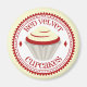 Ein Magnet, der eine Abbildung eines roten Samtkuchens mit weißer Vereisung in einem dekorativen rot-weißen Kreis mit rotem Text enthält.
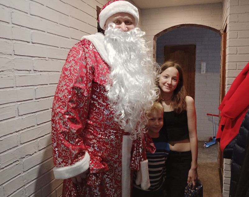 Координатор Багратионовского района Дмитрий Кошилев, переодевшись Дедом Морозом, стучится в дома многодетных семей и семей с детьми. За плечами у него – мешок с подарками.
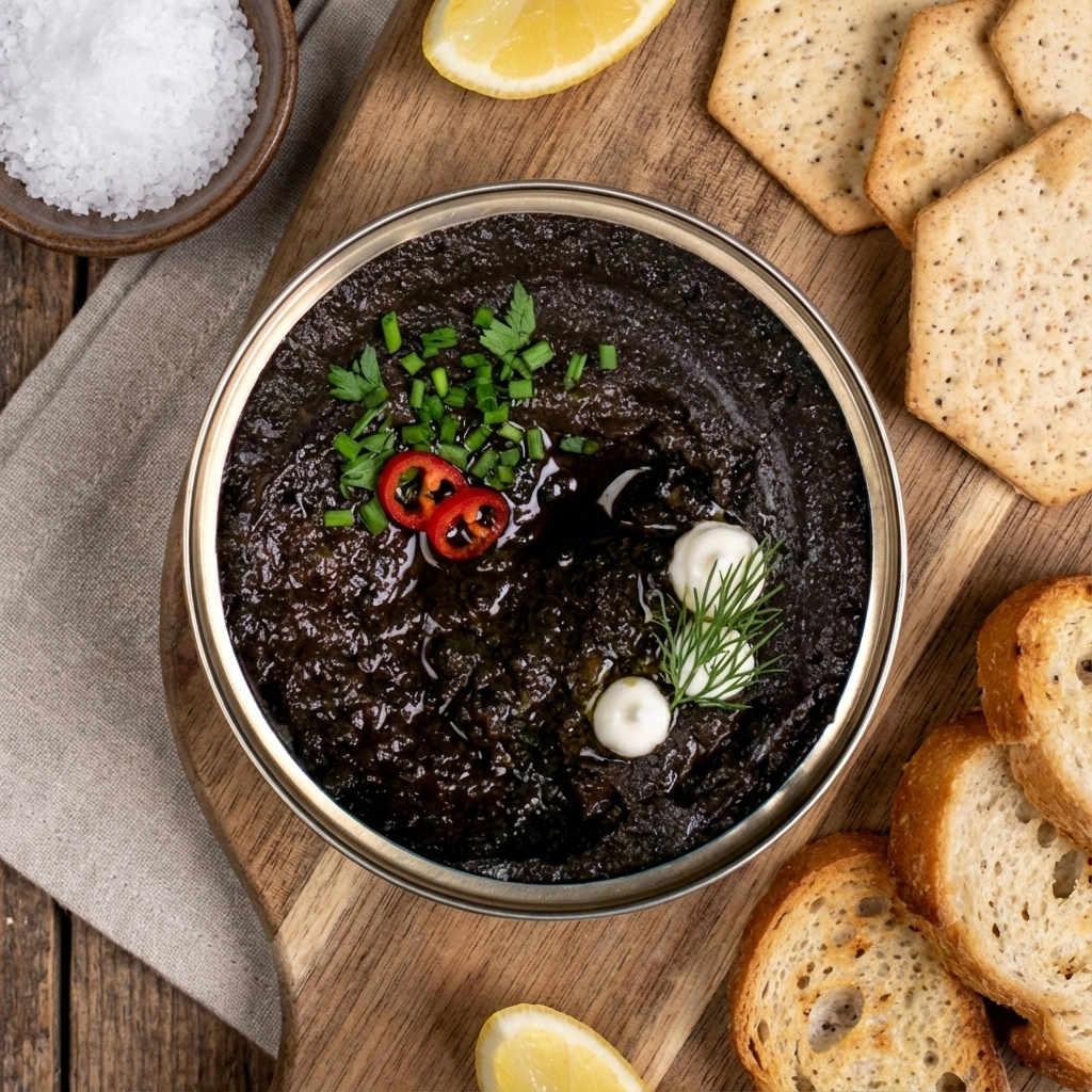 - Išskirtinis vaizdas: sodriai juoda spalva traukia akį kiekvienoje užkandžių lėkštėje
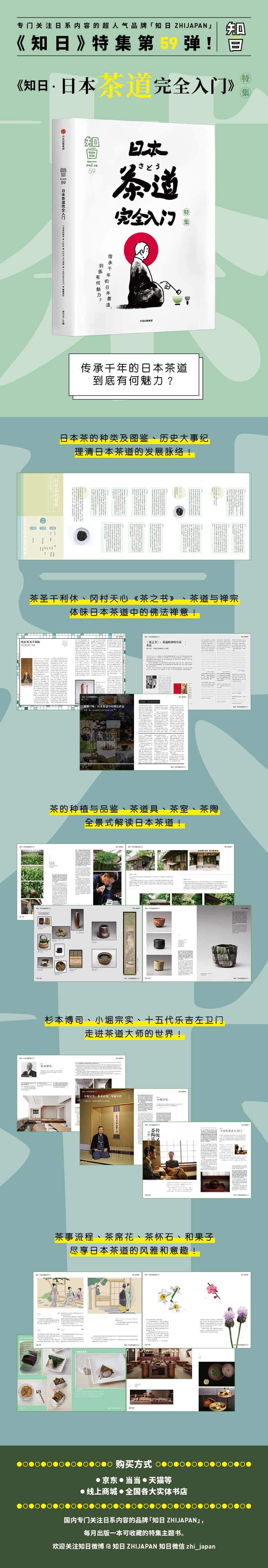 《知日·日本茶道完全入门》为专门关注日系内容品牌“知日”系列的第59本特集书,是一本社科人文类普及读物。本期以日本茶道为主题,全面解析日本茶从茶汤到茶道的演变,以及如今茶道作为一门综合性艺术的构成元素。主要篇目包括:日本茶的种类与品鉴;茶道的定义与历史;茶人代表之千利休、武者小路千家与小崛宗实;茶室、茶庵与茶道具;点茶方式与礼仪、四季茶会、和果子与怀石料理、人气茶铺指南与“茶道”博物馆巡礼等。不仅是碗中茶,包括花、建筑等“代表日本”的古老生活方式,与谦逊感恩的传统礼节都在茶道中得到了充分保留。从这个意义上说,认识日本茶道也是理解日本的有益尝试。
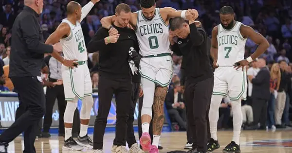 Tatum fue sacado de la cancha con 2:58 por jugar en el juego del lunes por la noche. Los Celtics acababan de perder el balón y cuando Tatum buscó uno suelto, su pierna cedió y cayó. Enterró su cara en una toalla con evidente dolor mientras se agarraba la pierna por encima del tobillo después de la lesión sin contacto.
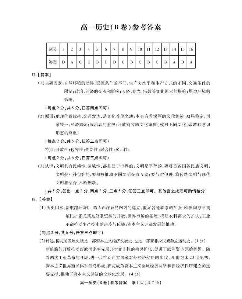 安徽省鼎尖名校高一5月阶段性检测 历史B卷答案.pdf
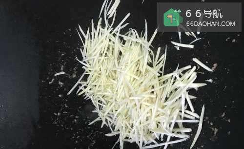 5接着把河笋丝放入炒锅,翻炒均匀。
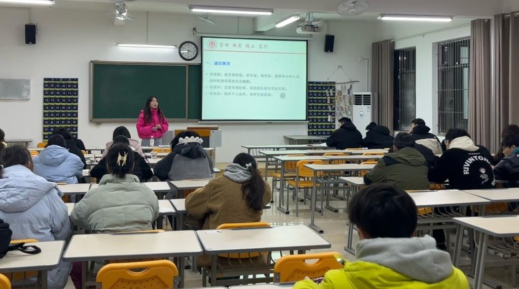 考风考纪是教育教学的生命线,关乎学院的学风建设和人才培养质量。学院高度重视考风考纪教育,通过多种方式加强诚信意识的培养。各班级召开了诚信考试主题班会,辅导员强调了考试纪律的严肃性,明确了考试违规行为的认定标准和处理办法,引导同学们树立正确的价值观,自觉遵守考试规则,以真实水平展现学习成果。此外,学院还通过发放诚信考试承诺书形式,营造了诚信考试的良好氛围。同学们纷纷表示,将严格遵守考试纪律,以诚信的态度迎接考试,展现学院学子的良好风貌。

EXERCISE OBJECTIVE: Copy exactly, with no pictures, the lines from the line containing "Tatum fue sacado" through the last line of the records above.

OUTPUT FOR THIS EXERCISE:
 Tatum fue sacado de la cancha con 2:58 por jugar en el juego del lunes por la noche. Los Celtics acababan de perder el balón y cuando Tatum buscó uno suelto, su pierna cedió y cayó. Enterró su cara en una toalla con evidente dolor mientras se agarraba la pierna por encima del tobillo después de la lesión sin contacto.
 安徽省鼎尖名校高一5月阶段性检测 历史B卷答案.pdf
 5接着把河笋丝放入炒锅,翻炒均匀。
 考风考纪是教育教学的生命线,关乎学院的学风建设和人才培养质量。学院高度重视考风考纪教育,通过多种方式加强诚信意识的培养。各班级召开了诚信考试主题班会,辅导员强调了考试纪律的严肃性,明确了考试违规行为的认定标准和处理办法,引导同学们树立正确的价值观,自觉遵守考试规则,以真实水平展现学习成果。此外,学院还通过发放诚信考试承诺书形式,营造了诚信考试的良好氛围。同学们纷纷表示,将严格遵守考试纪律,以诚信的态度迎接考试,展现学院学子的良好风貌。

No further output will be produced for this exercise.